Наконец добрались до ближайшего стойбища. Ветер к вечеру развернулся, и пошёл чистый север. Не успели чаю попить, мороз затрещал по отсыревшей клади. Изморозь посеребрила нюки чумов.
Василий вышел из тепла. Бокари схватились морозом. Ноги стали не сырыми, а покрылись ледяной корочкой. Да и в тундре гололёд. Чтобы просушить одежду, надо ночь над печкою держать в чуме.
Приказчик подошёл к Сотникову:
– Александр Киприянович! Я заночую здесь, просушу одежду, а утром поаргишу в другое стойбище. Или дай сухие бокари, малицу, иначе я в такой мороз пропаду.
– Видишь, распутица начинается? Надо быстрее распродать товары и успеть до Потаповского. Ни малицу, ни бокари я тебе не дам! За своими следить надо! Сушить, зашивать. А ты шлёпаешь по лужам и хочешь, чтобы они ноги грели. Собирайся – и в дорогу. За ночь дойдёшь – не околеешь!
– Куда я мокрый пойду? Мороз, аж дыхание перехватывает. И гололёд. Олени ноги порежут, копыта собьют. Не пойду аргишом. Ноги, как култышки, почти не чувствую.
– Не надо было с лопатой шастать по проталинам! На то они и олени, чтобы балок тащить. Скотину пожалел, а себя – нет! Я за них деньги плачу. Не подохнут. Дикий ходит в гололёд – и ничего. Чтобы через час я тебя в этом стойбище не видел.
– Ты же видишь, я в чуме дрожу! – дерзко ответил Василий Черняк.
Хозяин поднялся во весь гигантский рост. Лицо перекосила злоба. Черняк не двинулся с места. Купец без замаха ударил. Голова Василия бессильно мотнулась набок и горячая и липкая кровь, залила рот и нос. Он поднялся, пошатываясь и роняя какие-то бессвязные звуки опухшими, дрожащими и мокрыми губами. Левая сторона лица быстро запухла, затекла на глаз. Сукровица окрасила подбородок и шею. Он дрожал, как в лихорадке.
– Ну, теперь прошёл озноб? Или ещё погреть? – растирая ладони, сказал купец. – И больше не перечь! Я быстро выбью гонор!
– Ты за что ударил? Что промок, вытаскивая твой балок? – зарыдал, сморкаясь кровью, приказчик.
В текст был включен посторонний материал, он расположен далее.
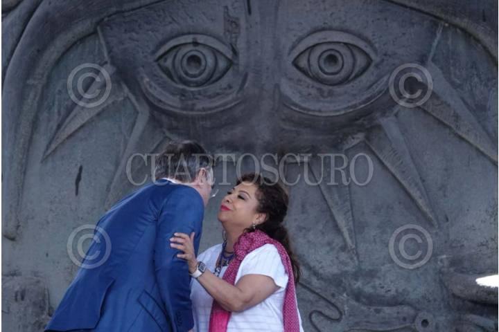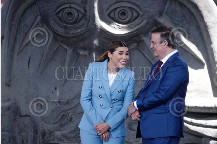CIUDAD DE MÉXICO, 03ABRIL2025.- Marcelo Ebrard, secretario de Economía y Clara Brugada, jefa de Gobierno, se saludaron durante su llegada a la presentación de la continuación del Plan México. Fortaleciendo la Economía y el Bienestar encabezado por la presidenta Claudia Sheinbaum en el Museo de Antropología e Historia. FOTO: GRACIELA LÓPEZ/CUARTOSCURO.COM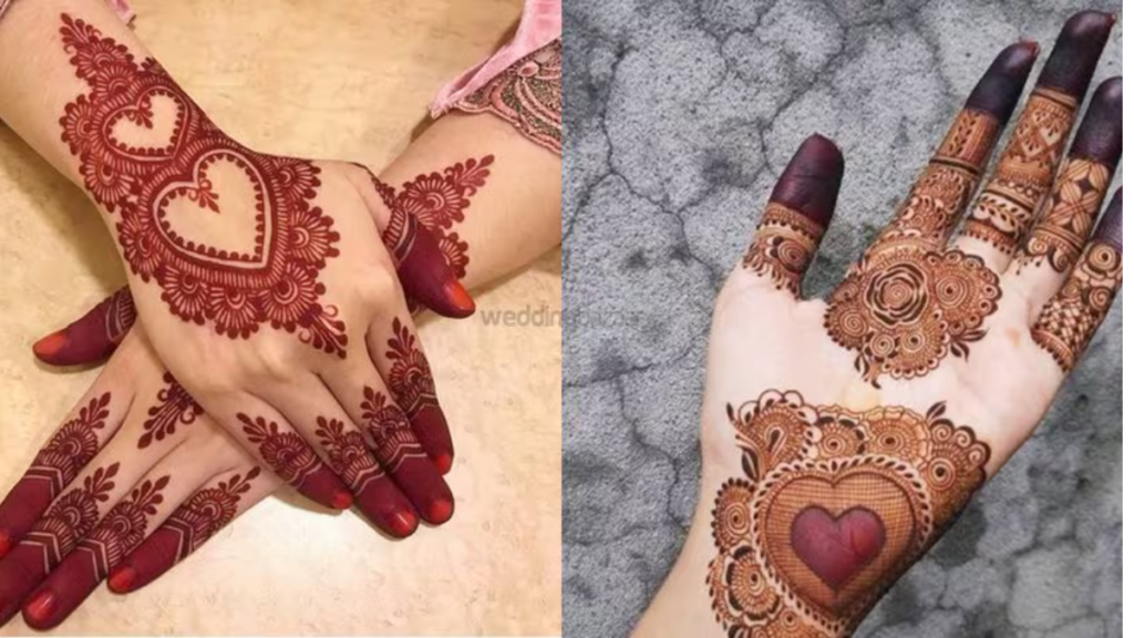 हाथों पर दिल का आकार बनाकर उसमें सिंपल पैटर्न जोड़े जाते हैं।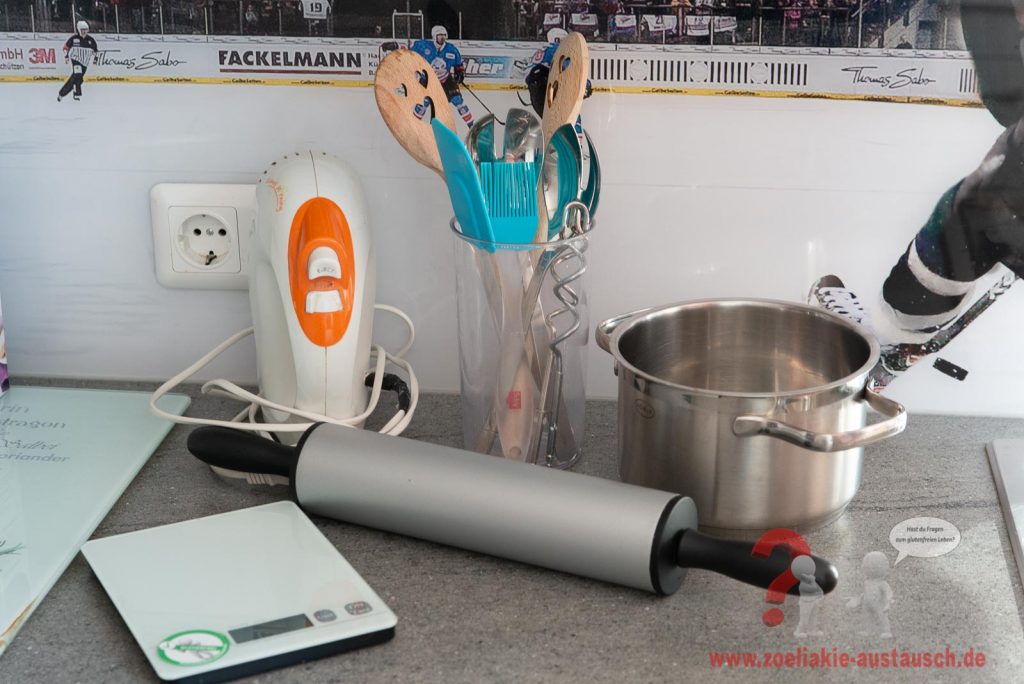 Währen die Röllchen nun gehen durften, hat Tanja einen Theorieteil mit den ebenfalls im Paket enthaltene Mehlen gemacht. Dabei wurde veranschaulicht wie unterschiedlich das Verhalten von verschiedenen glutenfreien Mehlen zusammen mit Wasser ist. Jeder hat so zu Hause erlebt was passiert, wenn man in einem Rezept NICHTS ändert 😉 – naja außer ein anderes Mehl nimmt … 😉

– Отвыкай перечить, когда я говорю. Я здесь хозяин. За непокладистость всех бью. Инородец ты, русский или поляк. Мой кулак глаз не имеет. Понял?
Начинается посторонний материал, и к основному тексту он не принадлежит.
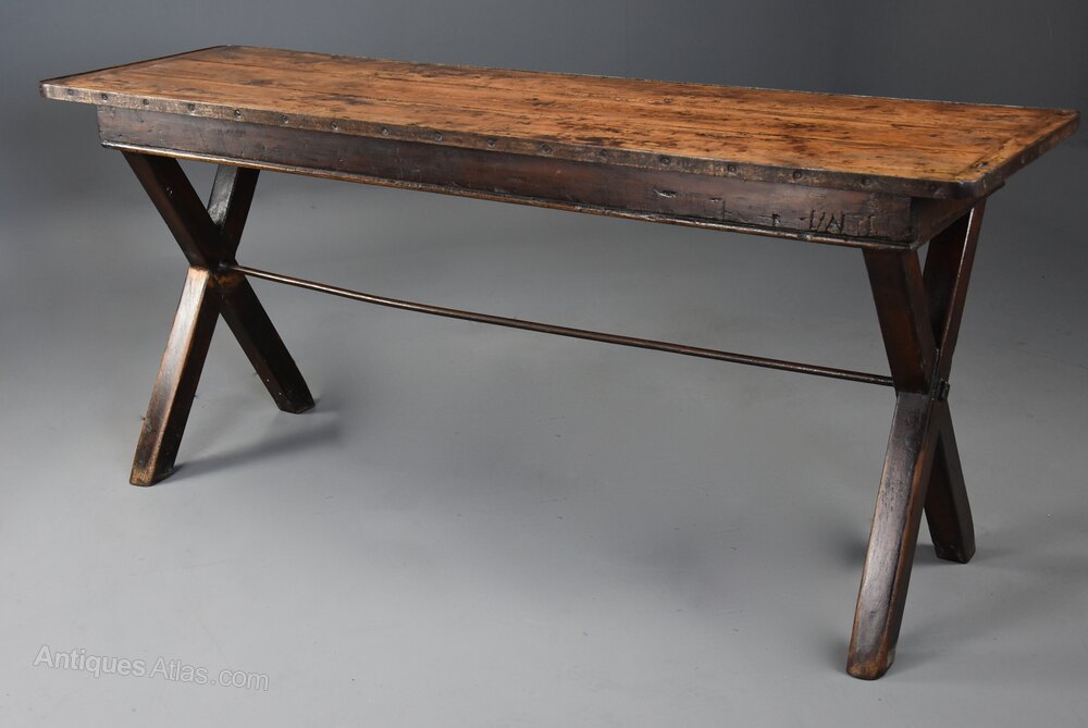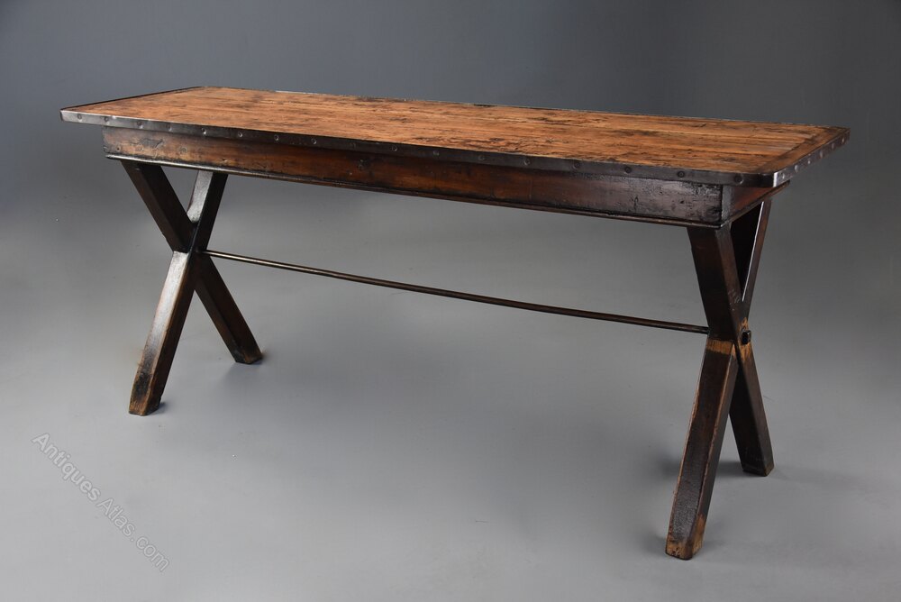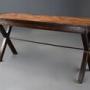 The table is supported by X frame trestle ends with original varnished patina joined by a central steel stretcher for stability.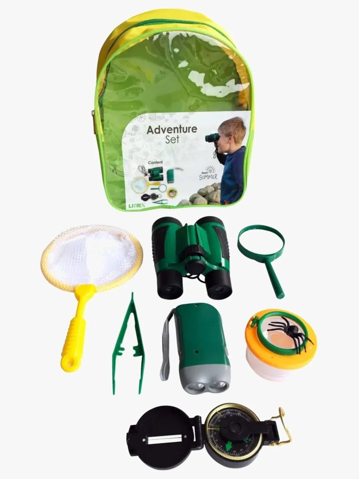 – Indeholder: 1 rygsæk, 1 kompas, 1 pincet, 1 observationsbakke, 1 forstørrelsesglas, 1 kikkert, 1 net, 1 lommelygte, 1 forstørrelsesglas.

– Я, Александр Киприянович, это припомню. Меня за двадцать один год никто ни разу не ударил. Я не прощу тебе мою кровь! – сказал, всхлипывая, приказчик и вышел из чума.
Черняк ушёл в ночь в другое стойбище. Всю флягу спирта в дороге израсходовал. И ноги натирал, и во внутрь не забывал, но согреться так и не смог. Ноги бесчувственными брёвнами лежали на нартах. Даже костёр на одной из стоянок ничего не дал. Лишь чуть-чуть подсушил бокари да носки меховые. Ноги, покрытые красновато-синим отливом, так и не ощутили тепло. Когда подъехали к стойбищу, Василий уже не мог встать на ноги. Он ползком добрался до ближнего чума и потерял сознание. Хозяйка уложила его у горящей печки. Еле-еле стянула схваченную морозом сырую одежду, укутала в пуховые одеяла. Потом ноги смазала гусиным жиром и обмотала мягким выпортком. Очередь дошла до рук и лица. Пальцы не гнулись, лицо покрылось коричневой коркой. Он стонал, катался по шкурам от боли. В пальцы впилась, будто тысяча иголок. Это стали отходить руки. Пальцы правой ноги почернели, а левая ступня обуглилась наполовину. Через день на ногах лопнула кожа, отделив от себя мертвечину.